10 thoughts on “Slice of Life Day 24: Read Aloud Today and Yesterday

  1. Remembering read aloud as a student?!?! In fifth grade?!?! That’s terrific. I love the line, “…I do remember is the feeling of read aloud. ” That’s what I want for my students as well!

  2. I love read alouds too.
    Especially because of a a memory from my 5th grade teacher reading Joan Aikens, The Wolves of Willoby Chase.
    It takes very little for me to remember things about listening to that book at that very moment….like it was yesterday.
    Every time I read to my students, I wish for them to make a memory like you and I’ve made.

  3. I love this slice – partly because I loved read-aloud and can remember the books and the feelings, but also because of your beautiful descriptions of those 5th grade memories.

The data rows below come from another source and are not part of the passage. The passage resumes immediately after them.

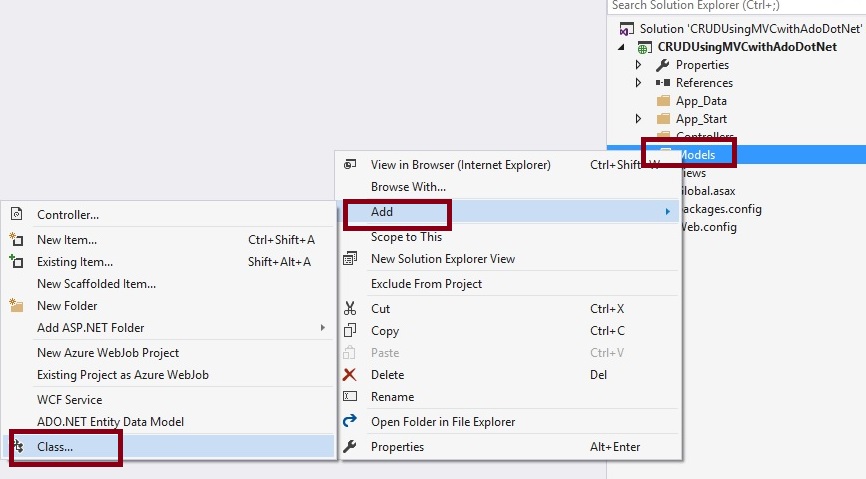 Now let us create the model class named EmpModel.cs by right clicking on model folder as in the following screenshot: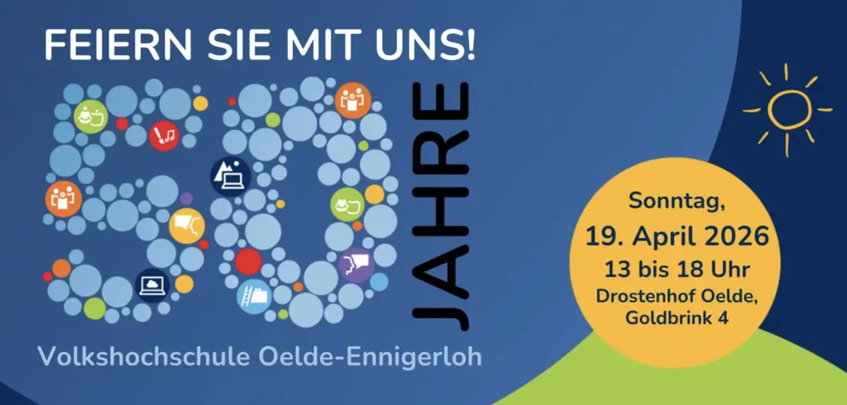 Die Stadt Oelde und die Volkshochschule Oelde-Ennigerloh laden am Sonntag, 19. April, von 13 bis 18 Uhr zu einer großen Feier auf den Drostenhof, Goldbrink 4, ein. Im Mittelpunkt stehen das 50jährige Jubiläum der VHS und der zweite Oelder Nachhaltigkeitstag. Besucherinnen und Besucher dürfen sich auf einen Tag voller Inspiration und Entdeckungen freuen.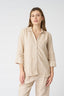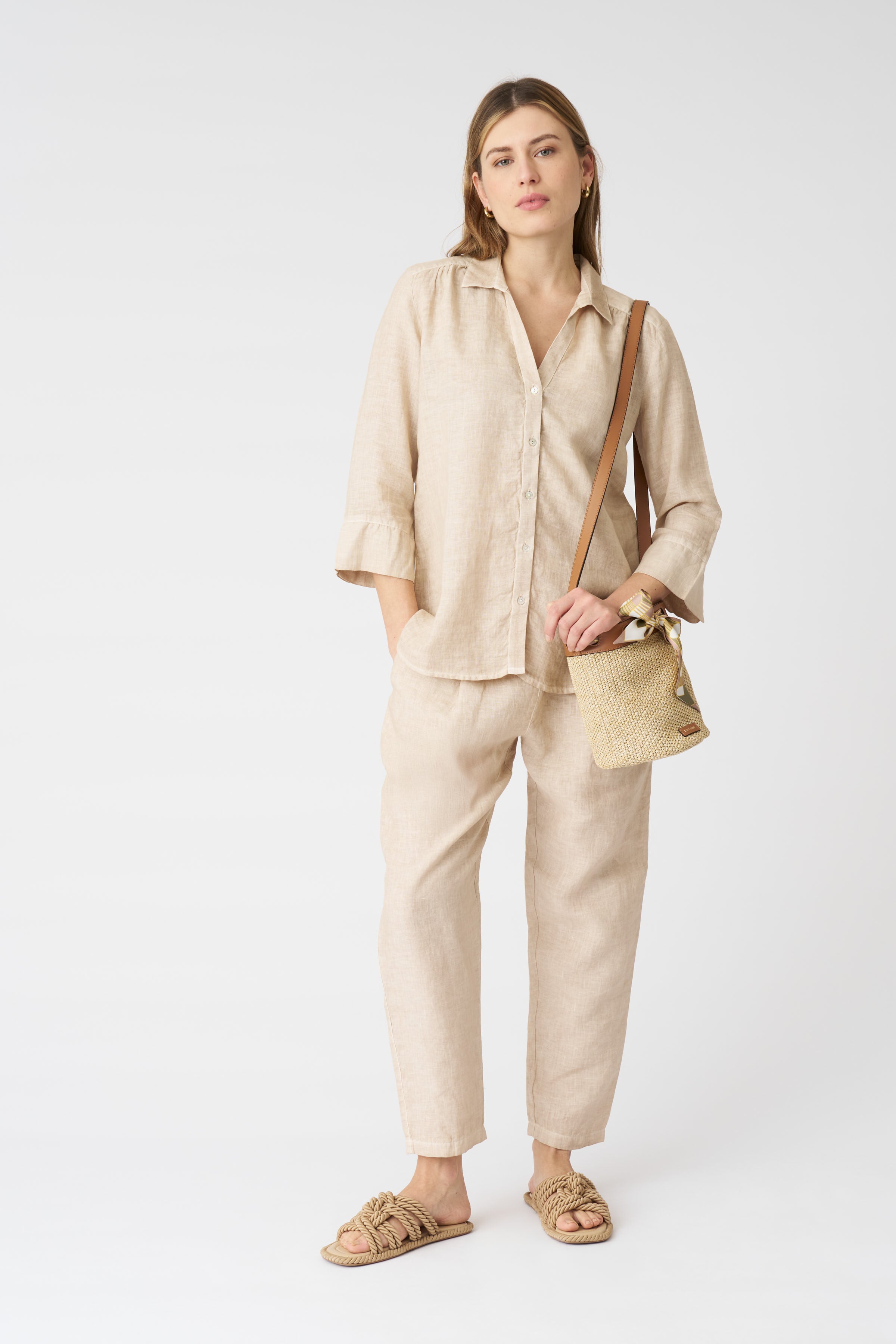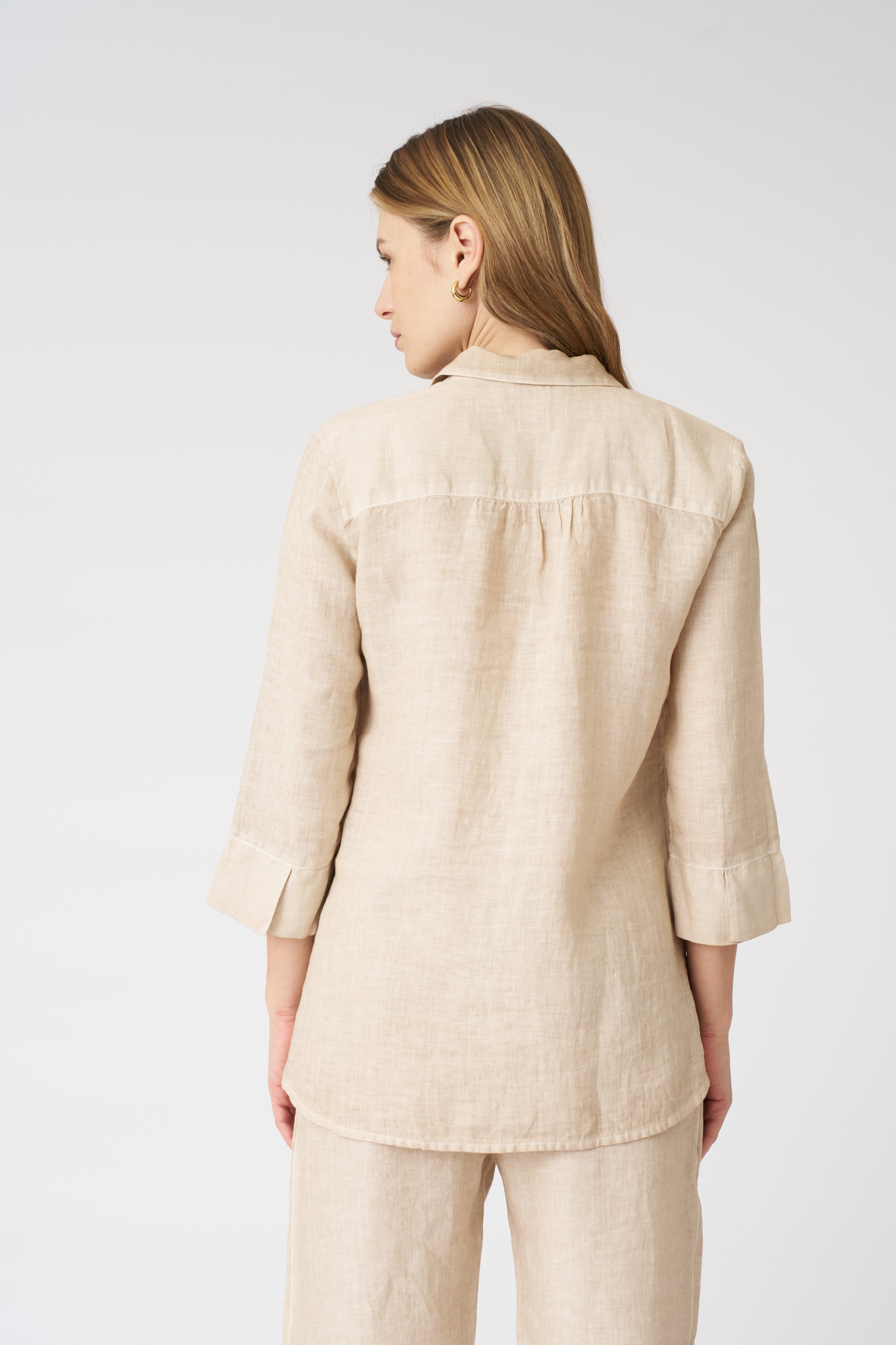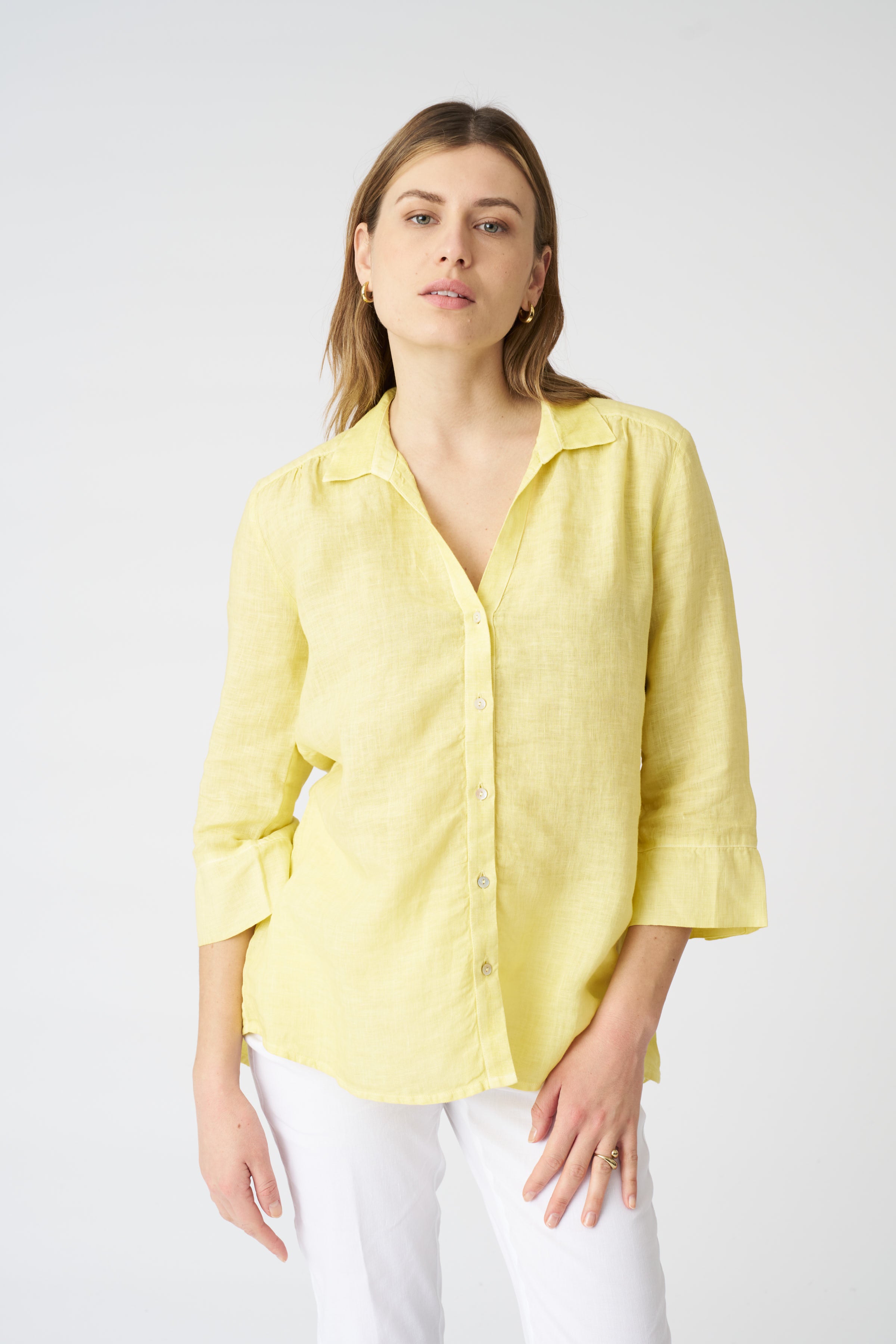 Soft lines and relaxed elegance define this shirt in garment-dyed linen. The V-neck with an open collar creates a fresh, modern silhouette, while the three-quarter sleeves with wide cuffs add a refined touch. A versatile piece with a regular fit, perfect for wearing with ease from morning to evening.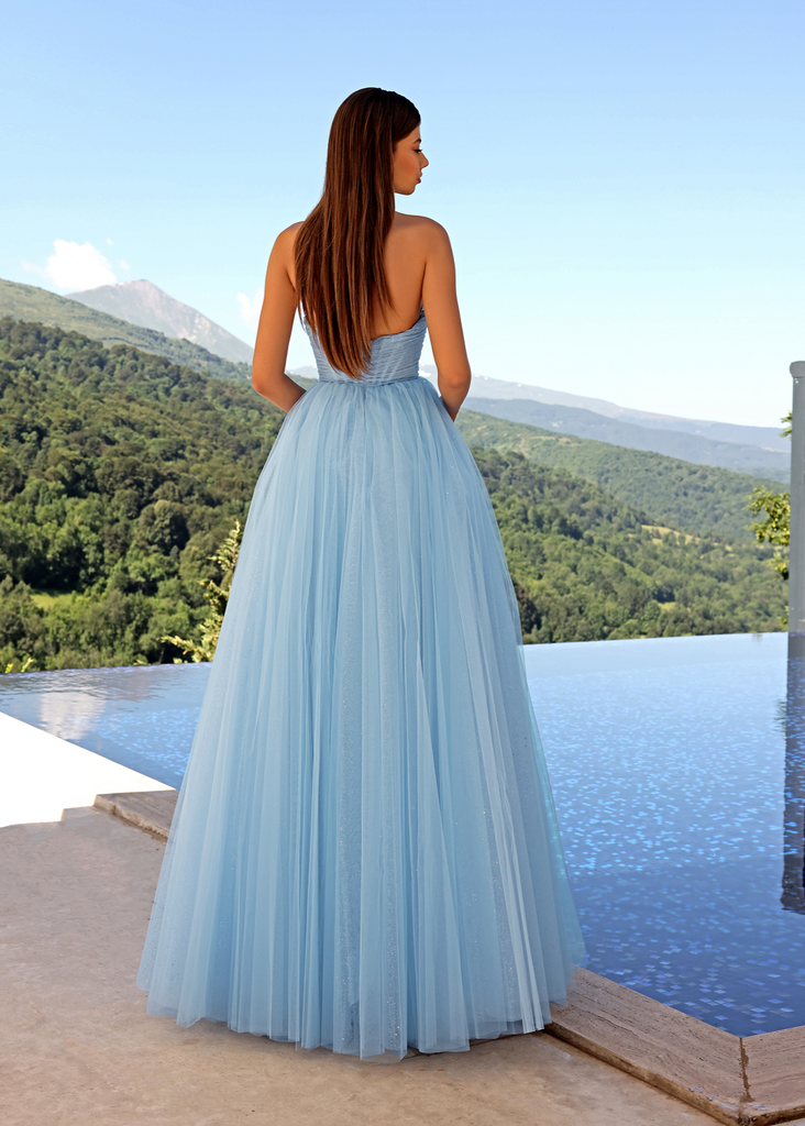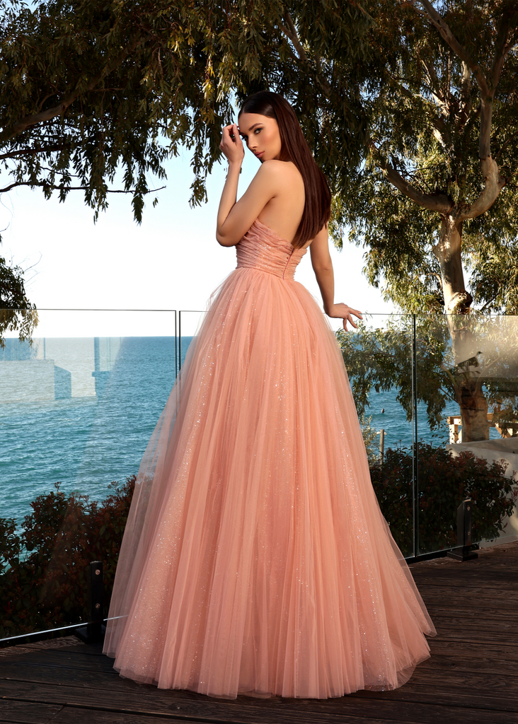 Experience the awe-inspiring beauty of the Nicoletta's Australian Designer Kiera Gown NC2020! This stunning dress features a strapless bodice, ruched organza with a corset-style bodice, and dazzling glitter that glistens and sparkles against a padded bust. The full-length A-line skirt exudes elegance with a breathtaking glitter detail throughout the fabric.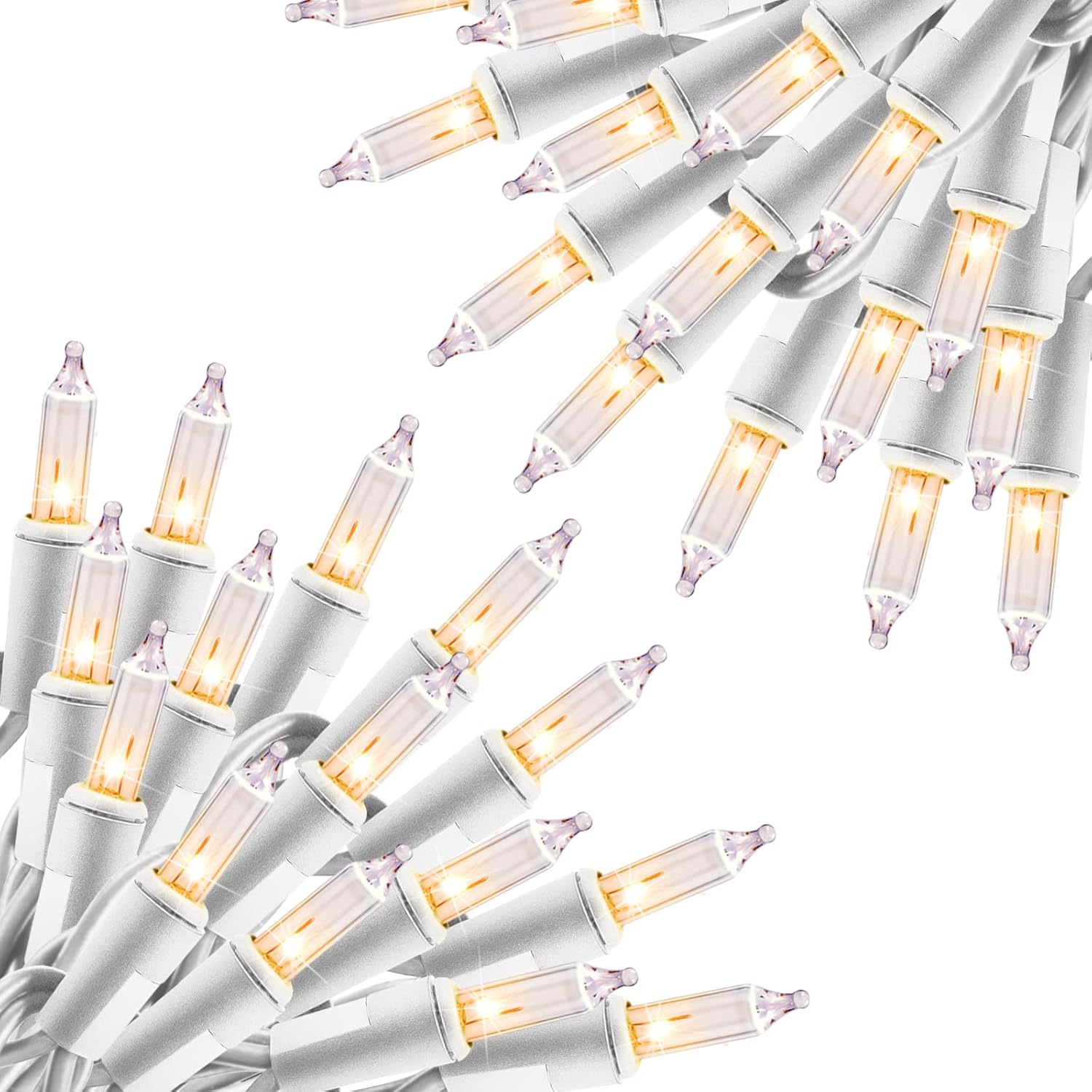 2 Pack 39FT LED Christmas Mini Lights with 100 Clear Bulbs, Warm White

  4. Read aloud is my favorite part of the day. Way back in 1978 my eight grade teacher read aloud to us. It was fantastic. No one else had a teacher who did that in 8th grade. In retrospect, I think he was setting us up to be lifelong readers because he read all kinds of things, including “The Boy Who Invented the Bubble Gun” out of a reader’s digest condensed version collection! He was one of my favorite teachers of all time. 🙂

  5. Funny – I wrote about read alouds today as well – in my ninth grade class and in Speech class a long time ago! I also love reading aloud to kids now! I guess we all had good models.

  6. I’m sure I’m probably 25 years older than you and you described my fifth grade room, including the desk. Read aloud was the time to get lost in a book, it was always after lunch recess. Caddie Woodlawn was a book I remember loving. As an adult I tried to read it, and it just didn’t have the same magic it did when I was ten. Loved the way you described this memory.

  7. This is such a beautiful post – my at-college ex students remember our readalouds as the best part of their sixth grade year with me. It’s a powerful connection we make through sharing books we love this way.

  8. I love what you wrote, Julieanne. I don’t remember if we had it, but my mother was my teacher in 5th & 6th grade (small town) & she & I certainly read together. As a teacher, I still remember the excitement of finding a book that seemed “just right” for my class at the time. Many shared memories come from those books, conversations too. That ‘feeling’ you mention, it’s the best thing!

  9. Read alouds are a very good thing! Read alouds were always my favorite part of the day when I had my own classroom, and I still love going into classes to read to kids. Thank you for sharing this lovely memory, Julieanne.